Wednesday, September 28

Beginners Guide To Oil ETFs & ETNs

Over the past decade oil has become a very popular investment theme as demand from China and India as well as other developing countries has pushed demand up to the available supply. At the same time innovative new products such as the Oil ETF have caused a sharp rise in investor demand. A persistently weak dollar over the past 10 years has also been a source of market support and many think this trend will continue or get worse. Is Oil Investing something you should consider? If the answer is yes, how should you invest?

There is really only one reason to invest in oil as a commodity and that is if you believe the price will rise in terms of U.S. Dollars in the future. If you would've purchased crude oil in 1998 when it was trading just above $10 you could've made huge profits by 2008 when prices soared to over $145 per barrel. The biggest issue with high gas and fuel prices has been that it takes the wind out of the U.S. economy which in turn causes a slowdown in consumer spending as well as gas demand. Huge swings in the demand for gasoline and fuel especially in the U.S. tends to cause big swings in the price of crude oil and related products as well. For example, after climbing from $10 all the way to $145 over a 10 year period 1998-2008 it only took about 6 months to fall all the way back to $30 during the great recession, so things can get wild.

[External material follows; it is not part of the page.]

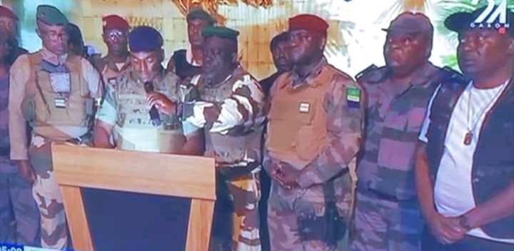 Come si è potuto osservare in TV, il comitato dei golpisti è composto da membri della Guardia Repubblicana (GR), della guardia pretoriana della presidenza, riconoscibili dai loro berretti verdi, oltre a militari dell’esercito regolare e agenti di polizia. La dichiarazione della presa del potere è stata trasmessa anche dall’emittente pubblica Gabon Première.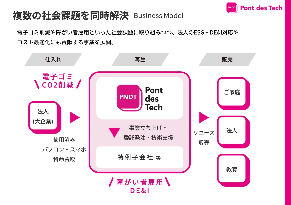 ポンデテックは、使用済みIT機器の再生・再流通を主な事業とする企業であり、障がい者の雇用促進にも力を入れています。特例子会社として、障がいを持つ方々が活躍できる職場環境を提供することで、社会における福祉の向上に貢献しているのです。

Most people are much better off owning an oil stock etf which contains a basket of oil related stocks instead of owning the actual commodity. This is because the earnings of oil companies tend to be less volatile than the price of oil and oil companies can continue to rake in the cash even if oil prices just stay where they are instead of rising. If you look back at comparisons of the price performance between USO the most popular crude oil etf and XLE the most popular Oil Stock ETF you will see that XLE has strongly outperformed USO since it's inception and this will most likely continue into the future.

USO or even the double oil etf - UCO can be used for trading short term swings in the price of crude oil, but you need to have good timing skills to make money at that game. Another way traders use financial derivatives is to short the crude oil market by using the double short ETN DTO or double short ETF SCO. Both of these will rise 2% on a day when crude oil falls 1%. Professional traders are the ones who most consistently do well with most of these ETFs, even they have trouble getting in and out fast enough. For most of us we are much better off in a good oil stock etf such as OIH or XLE.